Prescribing limitations. Under current law, an opioid prescriber
is prevented from prescribing more than a seven-day supply of an opioid
to a patient that has not had an opioid prescription in the last 12 months
unless certain conditions apply. The executive director of DORA is
required to, by rule, limit the supply of a benzodiazepine that a prescriber
may prescribe to a patient who has not been prescribed benzodiazepine in
the last 12 months by that prescriber. Benzodiazepines may be prescribed
electronically. The current opioid prescribing limit is set to repeal
on September 1, 2021. The bill continues the prescribing limitation indefinitely.
Prescription drug monitoring program (PDMP). Under current law,
health care providers are required to query the PDMP before prescribing
a second fill for an opioid. This requirement, which is set to repeal
on September 1, 2021, is continued indefinitely by the bill. In addition,
the bill requires health care providers to query the PDMP before prescribing
or refilling a benzodiazepine. Lastly, the bill allows health information
organization networks to access to the program if the State Medical Board
can accomplish this with existing program funds.

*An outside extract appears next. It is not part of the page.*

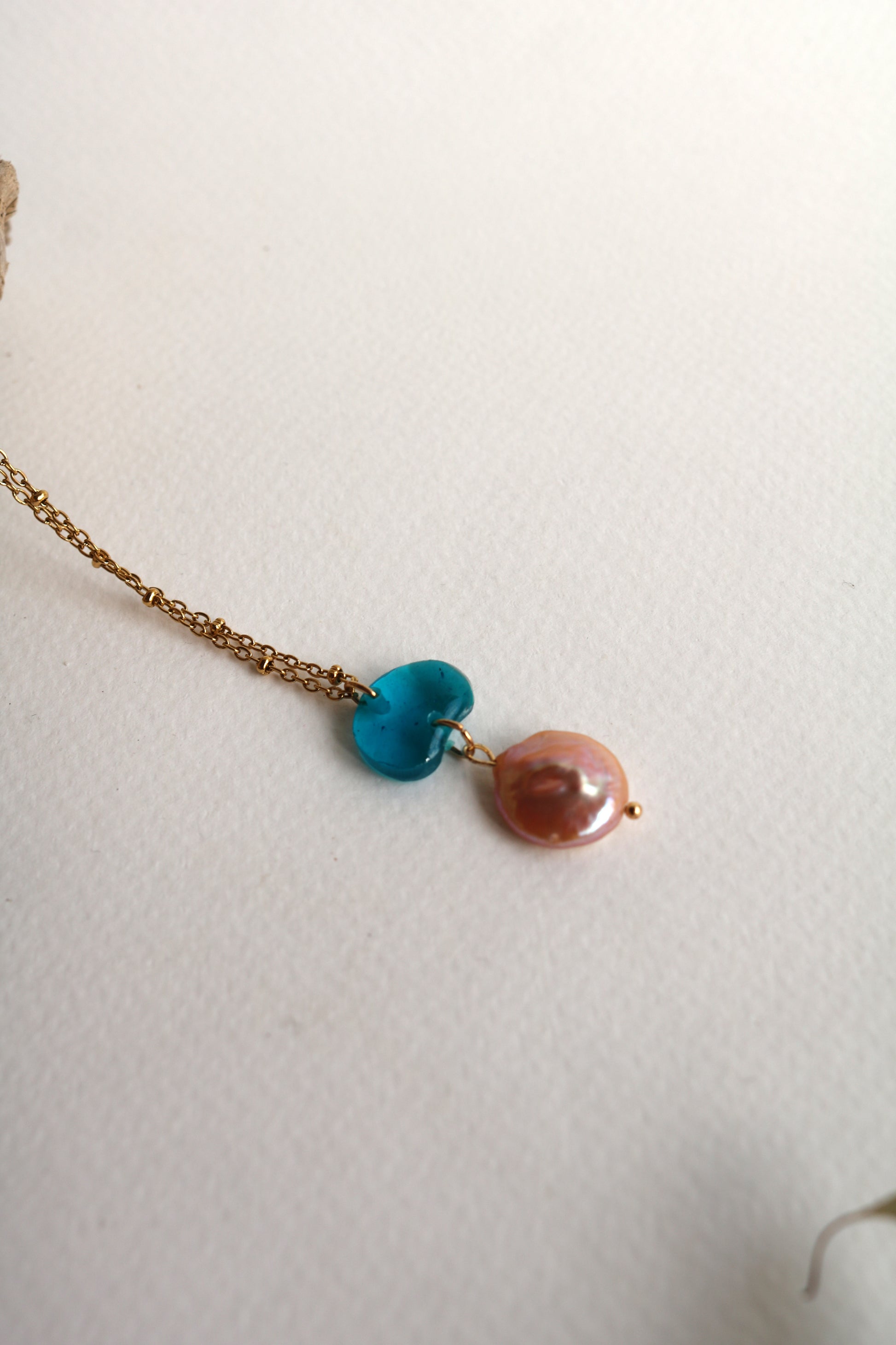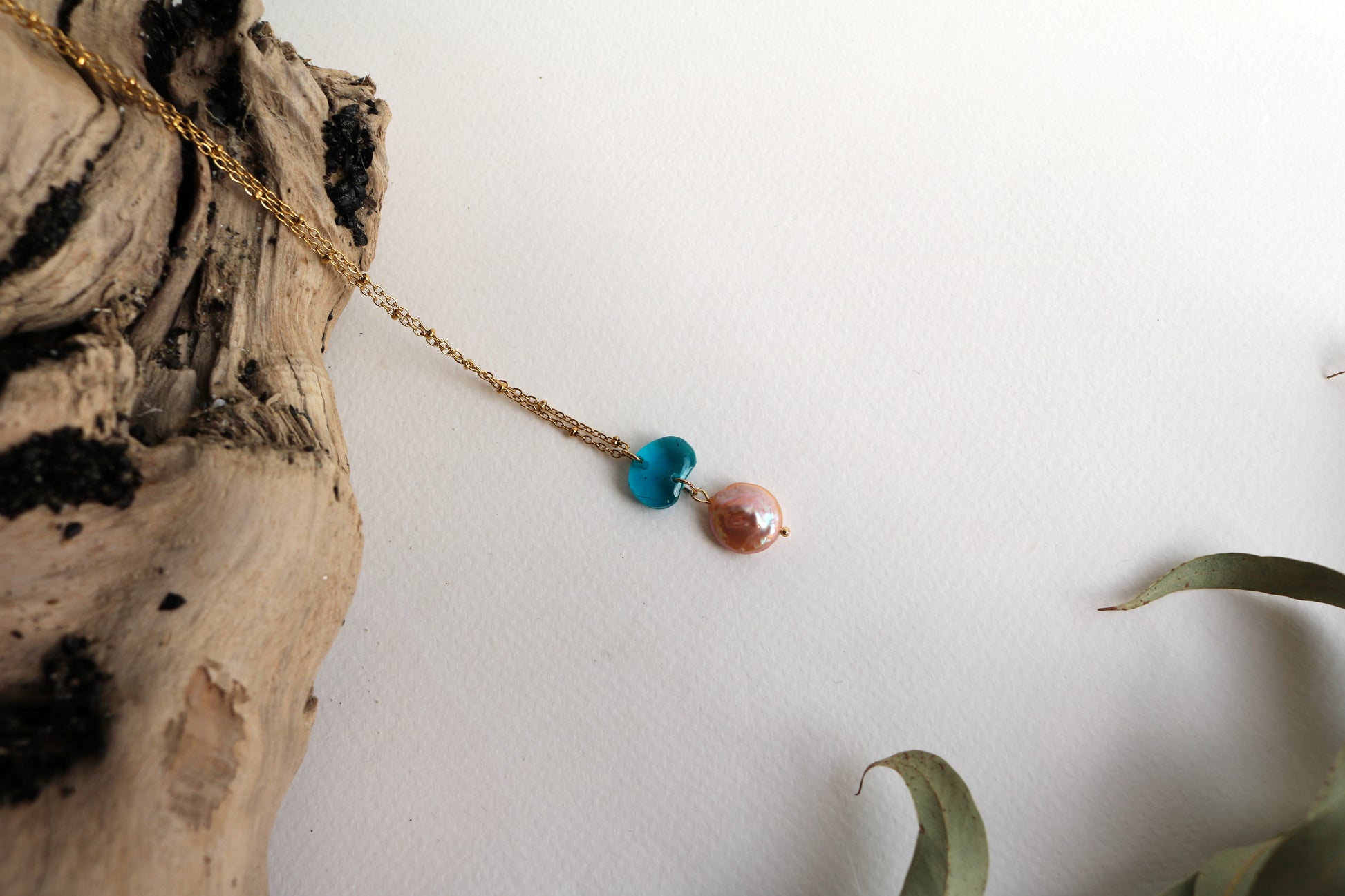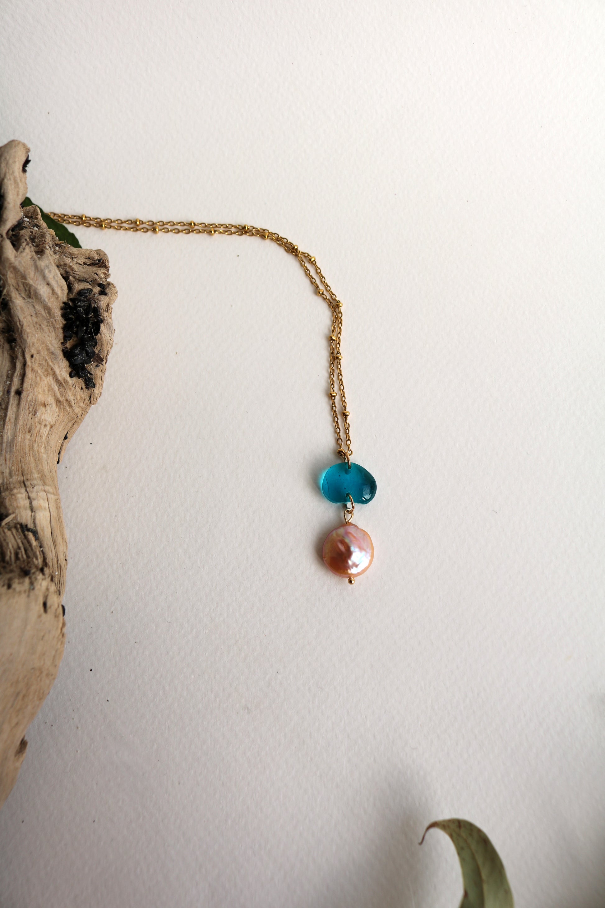 Ръчно изработен гердан със син цвят от смола и естествена розова перла.

Education for providers. The bill authorizes the Center for Research
into Substance Use Disorder Prevention, Treatment, and Recovery Support
Strategies (center) at the Colorado Health Sciences Center to include in
its educational activities the best practices for prescribing benzodiazepines
and the potential harm of inappropriately limiting prescriptions to chronic
pain patients. The bill adds an emphasis for these educational activities
to be directed to physicians, physician assistants, nurses, and dentists
serving underserved populations and communities. In addition, the
bill directs the executive director of DORA to consult with the center
and the State Medical Board to promulgate rules establishing competency-based
continuing education requirements for physicians and physicianâs assistants
concerning prescribing practices for opioids.
Colorado Substance Use Disorders Prevention Collaborative. The
bill directs the Office of Behavioral Health in the Department of Human
Services to convene a collaborative with institutions of higher education,
nonprofit agencies, and state agencies to gather feedback on evidence-based
prevention practices and other functions related to preventative health,
to be funded from the Marijuana Tax Cash Fund. The office is required
to report its progress to the General Assembly each September from 2022
to 2025, when the collaborative repeals.